Having money feels good so when it crosses your path, you touch it gleefully. Imagine where the money has been. Who touched it before you? What was the condition of the hands of that person? Here are some possibilities. The last handler of the money you just held might have been picking his nose with his fore-finger. Nasty!

You buy and eat bread. Take a moment to imagine the personal hygiene of bread handlers. Recently, I saw a boy selling bread near Kasoa. He was holding two loafs packaged in transparent plastics. The disturbing sight was that he was holding the bread in one hand with the other hand free to complete the urinating process – by the roadside, in plain view. Yucky! Who is responsible for protecting us from ourselves in such matters?

Research has shown that computer keyboards harbour numerous germs, probably more than toilet seats. As I write, I’m thinking of the last public computer I used at an Internet cafĂ©. Could it be that the last user might have visited the toilet to ease himself prior to using the computer; and since there was no toilet paper in sight, he ‘managed’ before stepping out of the ‘little room’?

As I write, I’m sneezing a lot and my nose is running profusely from a cold. Supposing you meet me and gladly shake my hands; imagine the germs you would gladly receive from me, only to share with every person you meet afterwards, including your children.

A difficult area to maintain a sane and hygienic hand-washing habit and keep germs away is in public spaces when nature calls. Nature can be unkind and will call you when you want to be left alone. So how should you handle the critical calls which send you into public toilets? You enter gracefully and strategically, and pray that by the end of the episode, you’ll have your dignity intact.
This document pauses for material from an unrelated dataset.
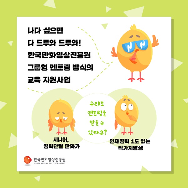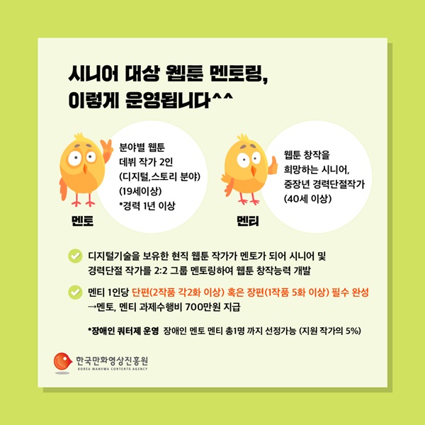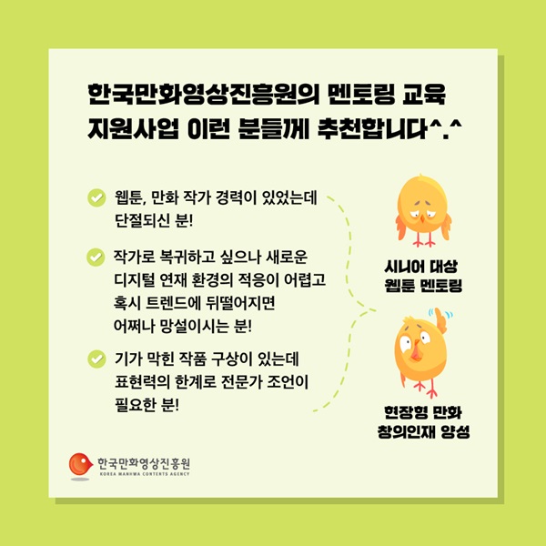 µ¥ºß °æ·ÂÀÌ ¾ø´Â ÀÛ°¡Áö¸Á»ý¿¡°Ô ÇÑÁ¤µÆ´ø Çѱ¹¸¸È­¿µ»óÁøÈï¿øÀÇ ¸àÅ丵 ±³À° Áö¿ø»ç¾÷ÀÌ ¡®½Ã´Ï¾î ´ë»ó À¥Å÷ ¸àÅ丵¡¯À¸·Î ÁßÀå³â °æ·Â´ÜÀý ÀÛ°¡¿¡°Ô È®´ë ¿î¿µµÈ´Ù.
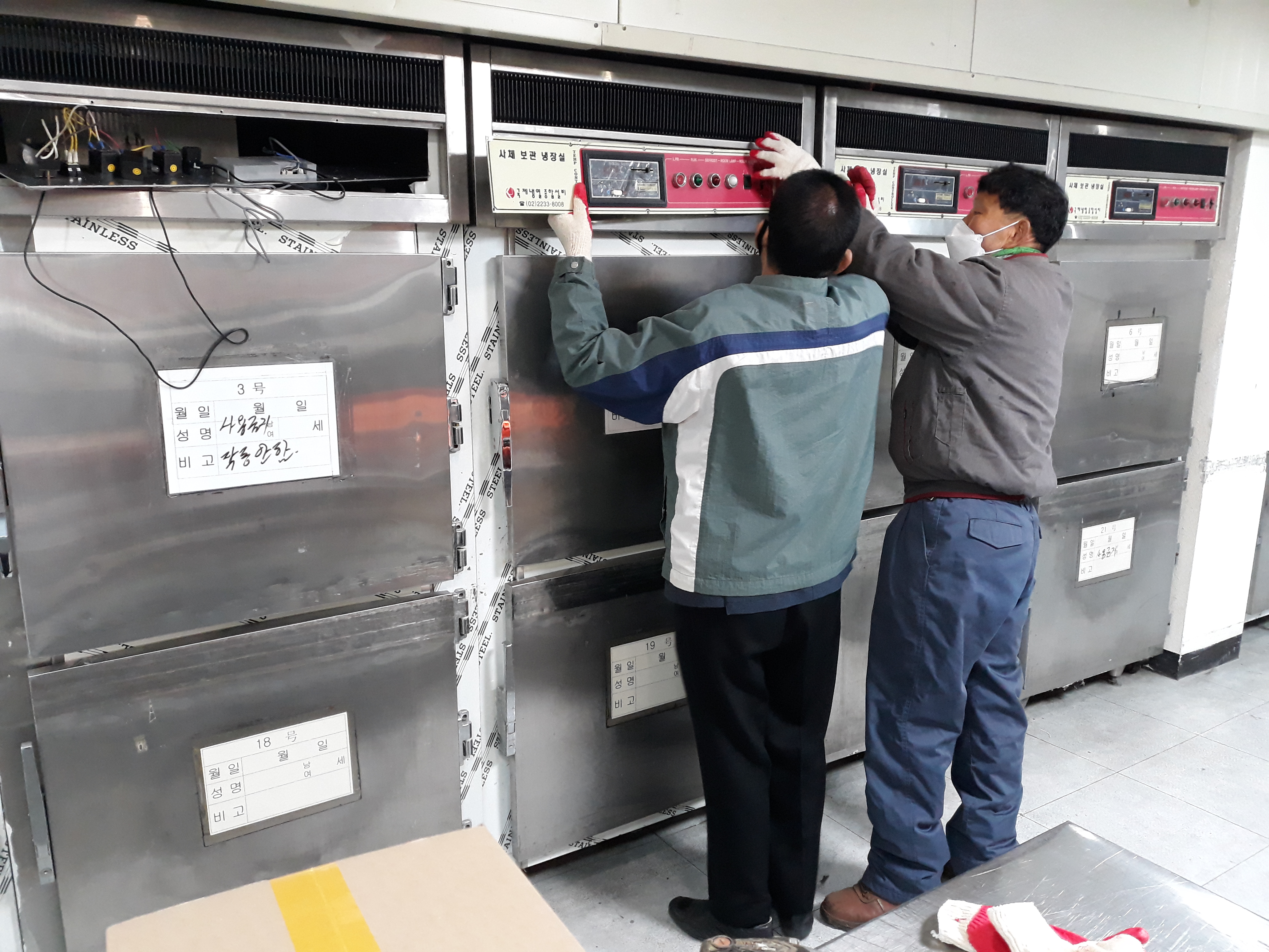 사체냉장고2구1쎄트 수리 유지보수 작업 일반적인 사체냉장고 유지보수

My personal peeve: bathroom towels! When you enter any office toilet (e.g. a bank, hospital or a government ministry) and find a towel hanging on a rail next to the sink, beckoning you to use it to wipe your hands, please resist the temptation. Stay away, no matter how clean it looks or how desperately you feel the urge to wipe the water from your hands (if there is water!). Those towels are disease-infested and dangerous.

At funerals, remember that you don’t know what the person died of. A lousy trend that is becoming entrenched is that from the cemetery, we proceed to ‘gbonyo parties’ (the feast after the burial). Unfortunately, there are no mass washing of hands. Instead, there is a hurry to feast and dance, completely forgetting the dead. The focus quickly turns onto the living, with unwashed hands.

So what do we do? Awareness and alertness constitute half of the battle won. We can avoid some of these germ-crossover situations through making it a habit to wash our own hands thoroughly with soap and water before touching food.

Since we are all in this together, it is also appropriate to question people who handle things they give to us about their hand-washing habits, especially when they violate our personal hygiene threshold. Take for example the photograph on this page. If you are to have a communal meal with loved ones in our traditional habit of eating from the same bowl, do provide teachable lessons for opportunities for everyone to wash their hands properly with soap. Communities could have a “Veronica Bucket” (also, as seen on this page) for hand-washing.

You cannot tell, by looking at hands that are not visibly dirty if they have been washed hygienically. Unintentionally, we spread germs which, like wicked warriors, can cause diseases, at times leading to fatal outcomes – death. So go ahead, develop a personal policy of no germ sharing – a 'don’t-give and don’t-receive' policy.